How To Build Free Will Into Artificial Neural Networks Using A Worm Brain As A Model
In March of 2015, there was a fascinating study published in Cell, conducted by Rockefeller University. The study was a brain analysis of a worm, specifically how a single stimulus can trigger different responses in a worm. This may have huge ramifications for artificial intelligence and thinking machines.
A worm is not burdened with a whole lot of neural nets. This particular specimen ( Caenorhabditis elegans ) has 302 neurons and about 7,000 synapses or connections between the neurons. This microscopic worm was the first to have its entire connectome, or neural wiring diagram completely detailed. The researchers found that if a worm is offered an enticing food smell, it usually stops to investigate.
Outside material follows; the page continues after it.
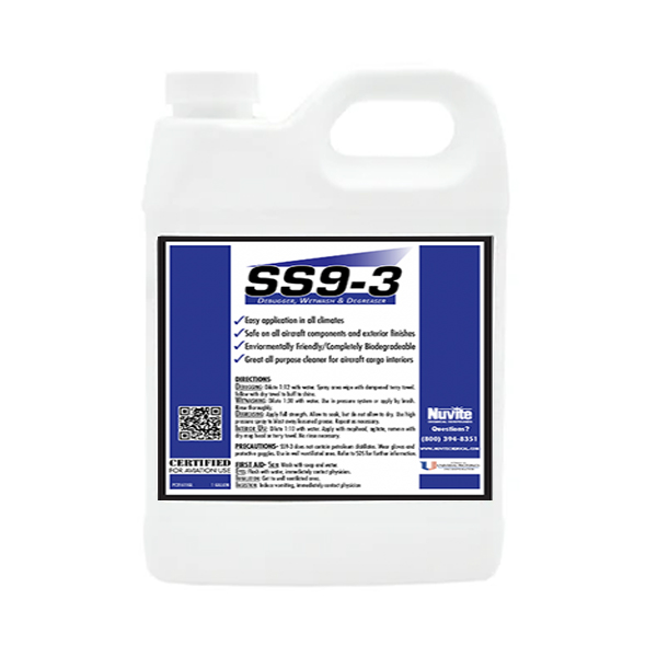 Nuvite SS-9-3 is the championship-caliber answer to the need for an effective and safe all-purpose liquid alkaline cleaner. It will clean the toughest of underbelly grease, oils and fluid leakage at full strength, or can be diluted to 1:12 to make an easy-to-use debugger and whole-airframe wipedown fluid that leaves a beautiful squeaky-clean and shiny surface that does not need to be rinsed. It works great for in-place cleaning during other airframe or engine maintenance. And, if you want to wet wash, use it in your wash water at 1:20 to make a great, non-streaking or spotting cleaner. It can even be used to clean interiors of cargo or utility aircraft. SS-9-3 is a superb product that offers great efficiency and economy due to wide usage capability and being supplied in high concentration form. And, as a bonus, it is completely biodegradable and safe to use. |

However it doesn't stop all of the time.
There are three neurons in the worm brain that signals the body to a food detour. The collective state of these neurons determine the likelihood of the worm doing a fast food drive through. By stimulating the states of the various permutations and combinations of the three neurons, the researchers could figure out the truth table of meal motivation.
If the worm had no free will, then every time it got a whiff of isoamyl alcohol, it would head for the feeding trough. But it doesn't. AIB is the context monitor. It checks out the state of the network, and determines whether RIM & AVA will play. If they won't, AIB won't play either, and the food is ignored.
The human analogy that the researcher gave was that you would get a hunger pang, and you have to cross the street to get food at the restaurant. However if the AIB equivalent fired when it was activated when it was unpleasantly cold and you didn't want to suffer the discomfort, you ignored the hunger pang.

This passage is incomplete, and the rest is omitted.